I think they are $\{0\}$, empty set, $A$ and $A$ in the usual metric; in the discrete metric they should be empty set, $A$, $A$ and empty set.

Am I right?

If it's correct, then how can I show it? If not what is incorrect?

Usual metric: $0$ is in the derived set, so it also belongs to the closure (hence the closure of $A$ is not $A$). Does the set $A$ contain any open interval? So, what's the interior? Once you know the closure and the interior, can you tell what's the boundary?

Discrete metric: every set is open and closed. So, for instance, every set has empty boundary and no point is an accumulation point of any set.

Always $\overline{A} = A\cup A'$ so we get that the closure of $A$ in the standard topology includes $0$ as well.

Always $\operatorname{Bd}(A) = \overline{A} \setminus \operatorname{int}(A)$, so the boundary equals the closure in the standard topology.
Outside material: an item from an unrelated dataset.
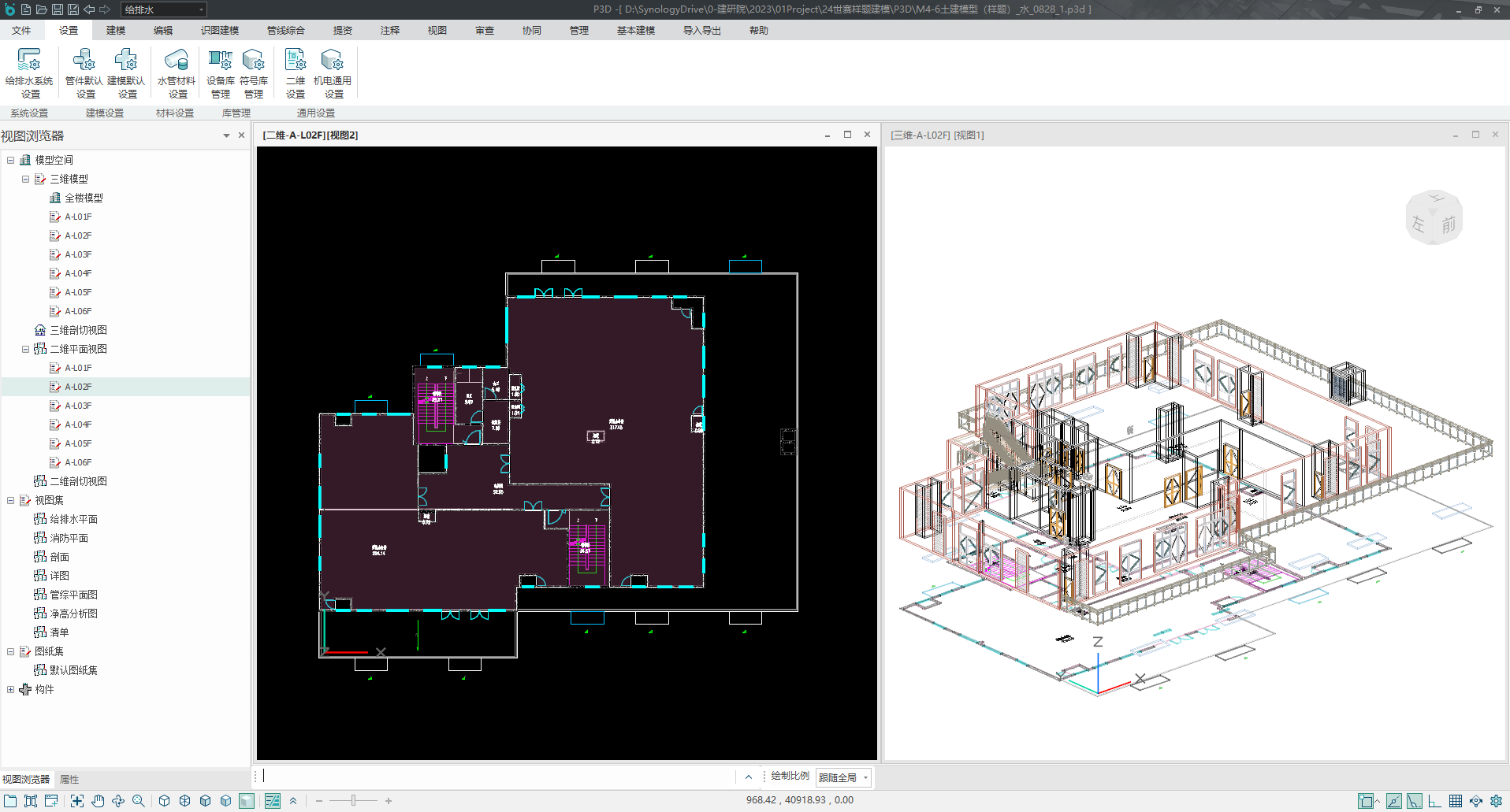 目录 搜索 展开 PKPM-BIM 项目应用案例教程第1章 建筑设计模块1.1 创建新项目1.1.1 创建新项目1.1.2 项目参数设置1.1.3 楼层设置1.1.4 放置轴网元素1.1.5 创建场地1.2 创建一层建筑主体1.2.1 创建柱1.2.2 创建墙1.2.3 创建楼板1.2.4 放置门窗1.2.4.1 普通门窗的设置1.2.4.2 常用设置集的配置1.2.4.3 自定义门窗设置1.2.4.4 放置门1.2.4.5 放置窗1.2.5 放置幕墙1.2.5.1 创建幕墙1.2.5.2 幕墙与墙体的剪切1.2.5.3 幕墙编辑1.2.6 创建房间、区域、楼梯1.2.6.1 创建房间1.2.6.2 创建防火分区1.2.6.3 创建楼梯1.3 创建二层建筑主体1.3.1 过滤选择1.3.2 局部复制1.3.3 二层构件修改1.3.3.1 墙体调整1.3.3.2 创建栏杆扶手1.3.3.3 放置门窗1.3.3.4 放置楼梯1.3.3.5 板上开洞1.3.3.6 创建房间和区域1.4创建三、四层建筑主体1.4.1 楼层复制1.4.2 楼板轮廓修改1.4.3 修改门窗1.5 创建屋顶层1.5.1 增强过滤器1.5.2 局部复制1.5.3 .同类构件的快速删除1.5.4 .墙体调整1.5.5 创建楼板1.5.6 创建门窗1.5.7 创建楼梯、栏杆1.5.8 创建房间和区域1.6 细部模型建立1.6.1 补充构件 1.6.1.1 增加台阶和坡道 1.6.1.2 增加栏杆扶手 1.6.1.3 增加雨棚 1.6.1.4 增加烟道 1.6.1.5 烟道洞口布置 1.6.2 放置素材1.6.2.1 素材库1.6.2.2 符号库1.6.2.3 参数化组件库1.7 清单1.8 智能审查1.9 出图1.9.1 出图流程介绍1.9.2 视图创建1.9.3 标注制图1.9.4 显示方案设置1.9.5 视图属性设置1.9.6 生成图纸1.9.7 成果导出第2章 结构设计模块2.1 新建项目 2.2 建立轴网 2.3 上部结构建模 2.4 楼层管理 2.5 计算分析前处理 2.6 计算结果查看 2.7 生成施工图 2.8 施工图审查第3章 暖通设计模块3.1 基本设置3.1.1 读取项目3.1.2 选择楼层3.1.3工程设置3.2 风系统建模3.2.1 风管绘制3.2.2 风口布置及连接3.3 空调水系统建模3.3.1 水管绘制3.3.2 风机盘管布置3.3.3 设备智能连接3.4 多联机系统3.4.1 室内外机布置3.4.2 多联机连管3.4.3 系统划分3.5 楼层复制3.6 材料统计3.6.1 材料统计3.6.2 材料结果查询3.7 模型审查3.7.1 全局属性3.7.2 条文审查3.7.3 调整模型3.8 暖通出图3.8.1 出图流程介绍3.8.2 视图映射创建3.8.3 标注制图3.8.4 显示方案设置3.8.5 视图属性设置3.8.6 生成图纸3.8.7 成果导出第4章 给排水设计模块4.1 设置4.1.1基本设置4.1.2系统设置4.2 给排水系统建模4.2.1 给排水管道绘制4.2.2 卫浴设备布置4.2.3 智能连接4.3 消火栓系统建模4.3.1 消火栓管绘制4.3.2 消火栓灭火器布置及连接4.4 喷淋系统建模4.4.1 喷头布置4.4.2 喷头连接4.4.3 识图建模4.5楼层复制4.6 材料统计4.6.1 材料统计4.6.2 材料结果查询4.7模型审查4.7.1 全局属性 4.7.2 条文审查4.7.3 调整模型4.8给排水出图4.8.1出图流程介绍4.8.2视图映射创建4.8.3标注制图4.8.4显示方案设置4.8.5视图属性设置4.8.6生成图纸4.8.7成果导出第5章 电气设计模块5.1 基本设置5.1.1 基本设置5.1.2 工程设置5.2 配电系统布置 5.2.1 配电柜布置5.2.2配电室桥架布置5.2.3配电室电缆沟布置5.2.4配电室变压器布置5.2.5配电箱布置5.3 照明系统布置5.3.1正常照明点位布置5.3.2应急照明照明点位布置5.4 火灾自动报警系统布置5.4.1 温感烟感点位布置5.4.2 消防广播点位布置5.4.3手报、声光报警器、消火栓启泵按钮、消防电话点位布置5.4.4消防端子箱布置5.5 弱电安防系统布置5.5.1监控摄像头点位布置5.5.2弱电插座点位布置5.5.3弱电机柜点位布置5.5.4识图建模5.6 平面布线5.6.1 设备连接5.6.2线管避让5.7楼层复制5.7.1 楼层复制5.8 材料统计5.8.1 材料统计5.8.2 材料结果查询5.9模型审查5.9.1 智能审查规则5.9.2 审查流程第6章 协同设计模块6.1 碰撞检查6.2 开洞提资6.2.1 生成开洞提资条件6.2.2 实际洞口处理生成6.3 净高分析6.3.1 净高设置6.3.2 净高平面6.3.3 净高检查6.4 模型链接6.5 合并工程 暂无相关搜索结果! 4.1 设置 4.1.1工程设置操作步骤:1.选择建筑给排水专业,打开项目,可直接读取楼层,并通过工程设置菜单,完成软件基本设置;(具体操作步骤见暖通设计模块第一节“基本设置”。)2.对于已打开项目文件且不在给排水设计模块的情况,可通过切换专业来完成设计模块间的快速切换。如图4.1-1;
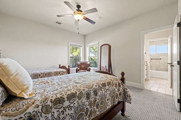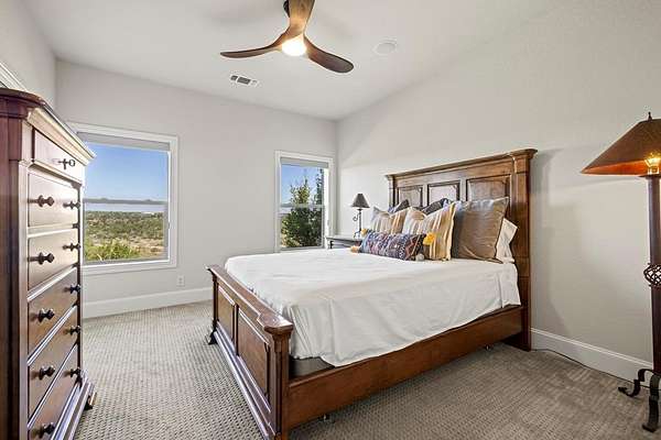 Stunning Hill Country Estate w/Breathtaking Views! Perched atop a scenic hill, this custom home offers unparalleled views & serene living within the gated Eagles Crests. Spanning 4000 + sf, the 4B/3.5B residence provides ample space & privacy on 7+ acres only 7 mi. from Fredericksburg Tx. Located at end of a quiet cul-de-sac, the home boasts eye-catching curb appeal w/custom fencing & simple yet elegant landscaped grounds. At the heart of the home is the Great Room, featuring a grand rock fireplace, exposed beams & soaring cathedral ceiling w/wood & Travertine flooring that exudes warmth & elegance. Adjacent to this inviting space is a study & formal dining area, ideal for hosting gatherings & special occasions. The chef's kitchen is equipped w/top-of-the-line Thermador stainless steel appliances, custom cabinetry, lg walk in pantry, bar/island area & ice maker. The adjoining breakfast area & den w/FP offers stunning views, making it a delightful place to start the day. The main bedroom suite is a private oasis, w/back & a secluded side patio access & outdoor shower. Includes outdoor kitchen, rock FP, exceptional views & much more! A truly exceptional place to call home.

For the discrete topology, all sets are open and closed, and $A' = \emptyset$ always. So $\overline{A} = \operatorname{int}(A) = A$,$\operatorname{Bd}(A) =\emptyset$.

I think you are close, except for needing to add $\{0\}$ to the closure and boundary in the usual topology... Indeed, it ($\{0\}$) is the derived set of $A$ and part of that of $\mathbb R\setminus A$ (in the usual topology)...

As far as how to show it, $a_n=\frac1n$is clearly a sequence in $A$ converging to $0$.

In the discrete topology,on the other hand, points are open, so int$A=A$. The sequence $(a_n)$ doesn't converge... So $\bar A=A.$

In the usual topology $\partial A=\bar A\cap\overline{\mathbb R\setminus A}=A\cup\{0\}$ Whereas in the discrete topolgy, we get $\partial A=A\cap\mathbb R\setminus A=\emptyset$ Etc...